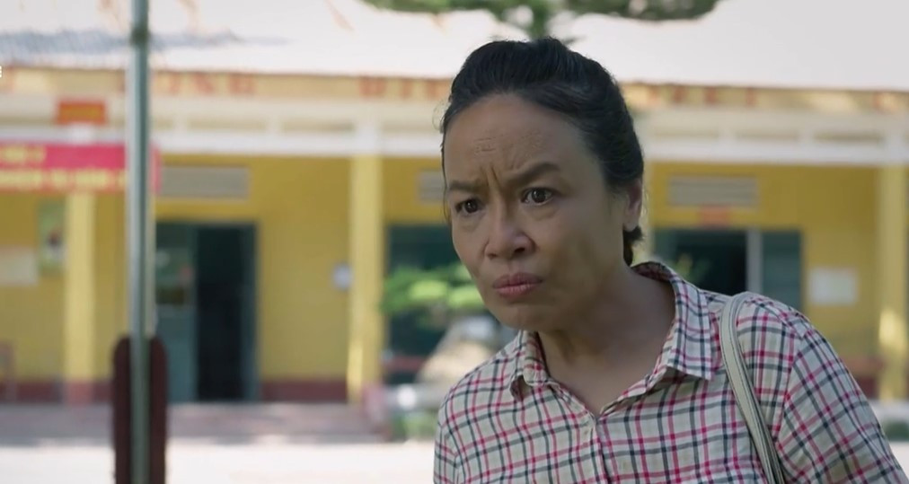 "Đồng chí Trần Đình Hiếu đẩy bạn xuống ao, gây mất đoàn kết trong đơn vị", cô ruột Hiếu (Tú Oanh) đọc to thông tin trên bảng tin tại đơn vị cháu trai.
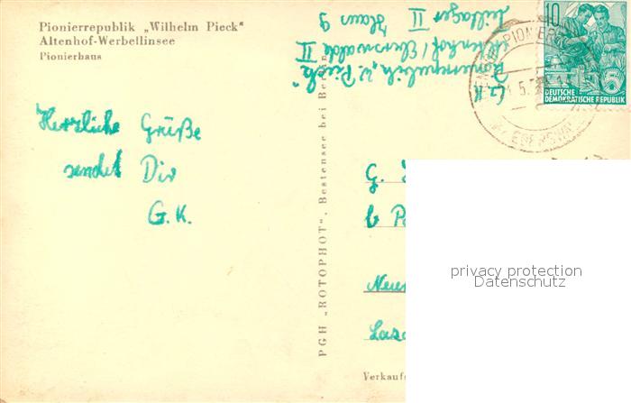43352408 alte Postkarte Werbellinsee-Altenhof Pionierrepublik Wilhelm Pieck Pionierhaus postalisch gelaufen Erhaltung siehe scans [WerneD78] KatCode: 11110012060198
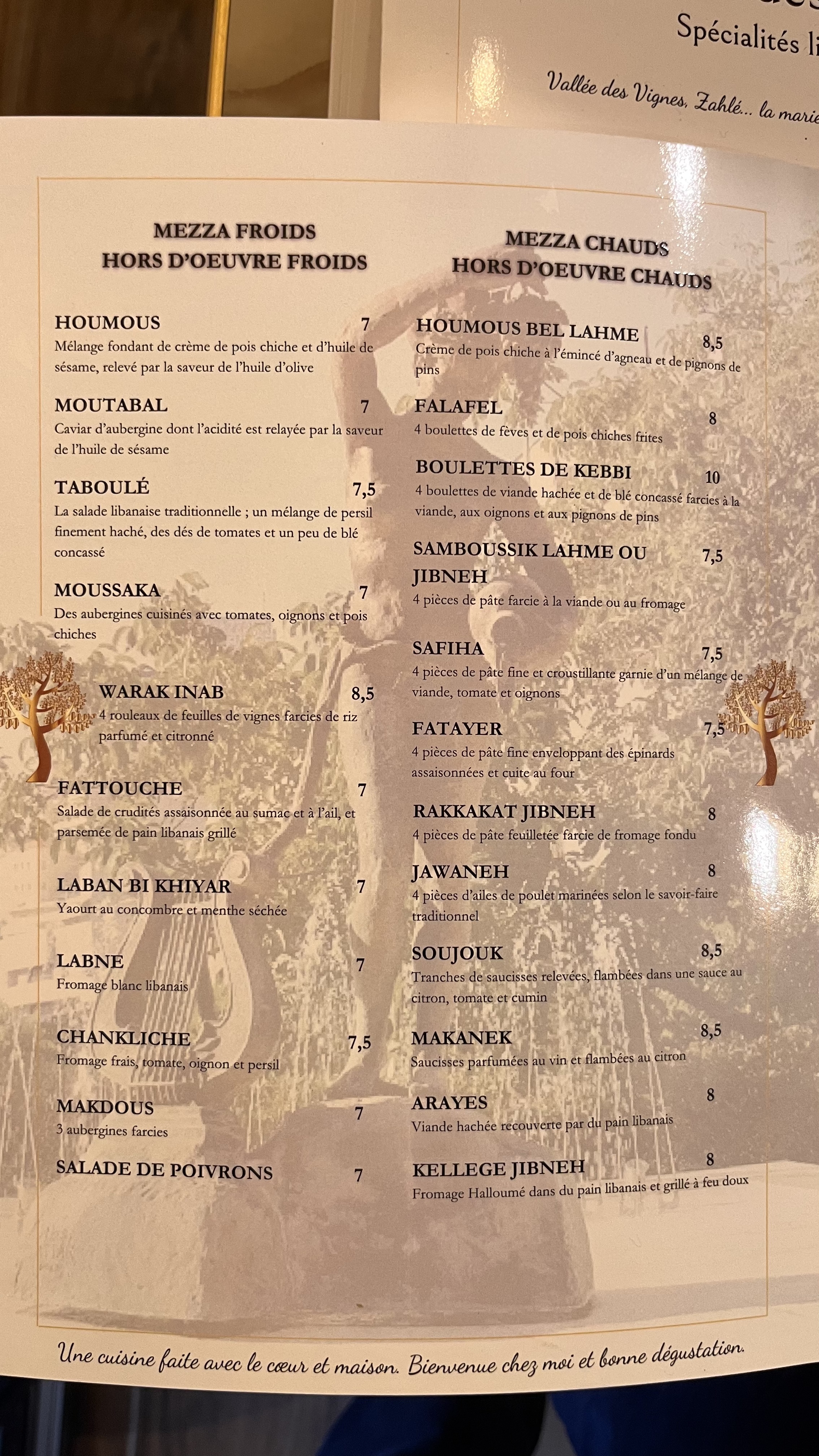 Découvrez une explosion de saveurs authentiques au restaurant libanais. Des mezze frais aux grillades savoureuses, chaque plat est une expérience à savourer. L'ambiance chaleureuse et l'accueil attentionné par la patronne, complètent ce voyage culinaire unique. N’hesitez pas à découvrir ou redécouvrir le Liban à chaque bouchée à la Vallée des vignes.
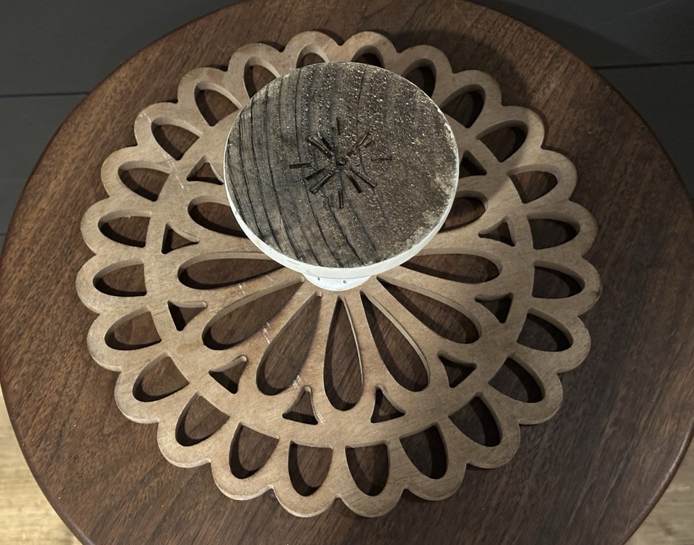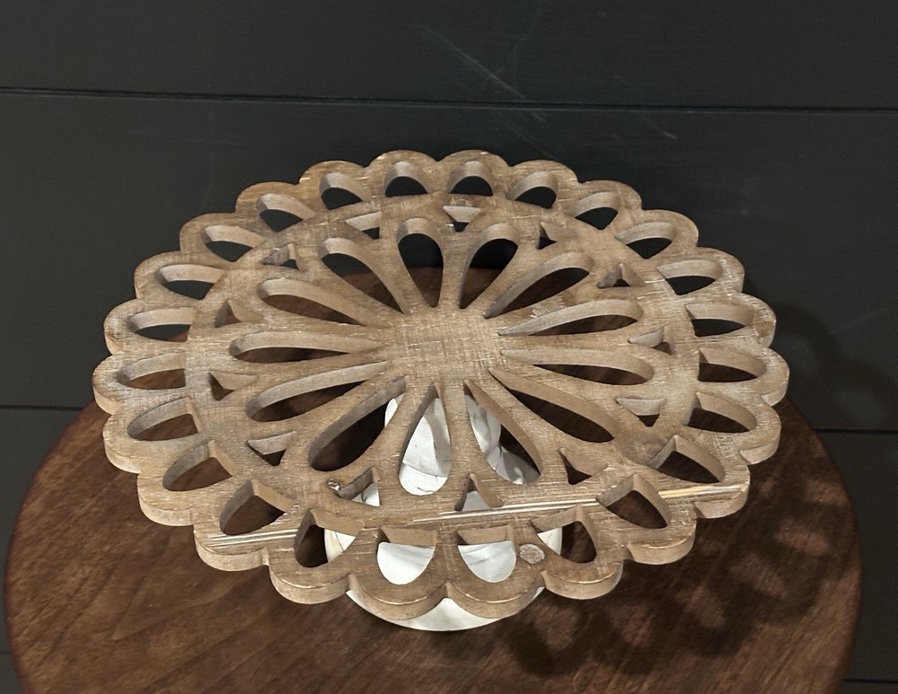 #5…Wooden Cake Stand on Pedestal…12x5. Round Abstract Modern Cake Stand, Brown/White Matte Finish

---

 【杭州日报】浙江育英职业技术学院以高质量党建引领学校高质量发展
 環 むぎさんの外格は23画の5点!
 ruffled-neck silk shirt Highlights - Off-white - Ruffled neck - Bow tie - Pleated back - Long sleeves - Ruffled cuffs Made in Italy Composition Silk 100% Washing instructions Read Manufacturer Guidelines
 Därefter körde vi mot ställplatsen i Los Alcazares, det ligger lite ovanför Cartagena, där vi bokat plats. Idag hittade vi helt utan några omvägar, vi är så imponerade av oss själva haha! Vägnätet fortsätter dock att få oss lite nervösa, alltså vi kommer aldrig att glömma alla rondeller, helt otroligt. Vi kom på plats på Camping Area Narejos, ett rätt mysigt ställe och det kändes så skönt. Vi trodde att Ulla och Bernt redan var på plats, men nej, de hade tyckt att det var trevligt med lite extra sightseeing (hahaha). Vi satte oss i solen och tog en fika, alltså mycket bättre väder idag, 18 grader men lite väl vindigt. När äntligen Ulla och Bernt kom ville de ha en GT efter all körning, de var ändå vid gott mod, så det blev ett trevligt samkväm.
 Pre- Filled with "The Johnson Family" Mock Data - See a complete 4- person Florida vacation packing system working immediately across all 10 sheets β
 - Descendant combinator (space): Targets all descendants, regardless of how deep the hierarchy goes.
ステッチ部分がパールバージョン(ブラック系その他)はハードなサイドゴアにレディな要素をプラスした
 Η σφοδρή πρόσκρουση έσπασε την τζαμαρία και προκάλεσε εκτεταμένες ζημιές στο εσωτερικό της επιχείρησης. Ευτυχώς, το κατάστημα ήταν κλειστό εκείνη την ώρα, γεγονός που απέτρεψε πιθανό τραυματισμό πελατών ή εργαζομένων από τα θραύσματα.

> _Work request_
Return exactly the lines that appear in the data above between the line containing "Découvrez une explosion" and the line containing "#5…Wooden Cake Stand", both of which are included, and leave the pictures out.

> _Solution_
 Découvrez une explosion de saveurs authentiques au restaurant libanais. Des mezze frais aux grillades savoureuses, chaque plat est une expérience à savourer. L'ambiance chaleureuse et l'accueil attentionné par la patronne, complètent ce voyage culinaire unique. N’hesitez pas à découvrir ou redécouvrir le Liban à chaque bouchée à la Vallée des vignes.
 #5…Wooden Cake Stand on Pedestal…12x5. Round Abstract Modern Cake Stand, Brown/White Matte Finish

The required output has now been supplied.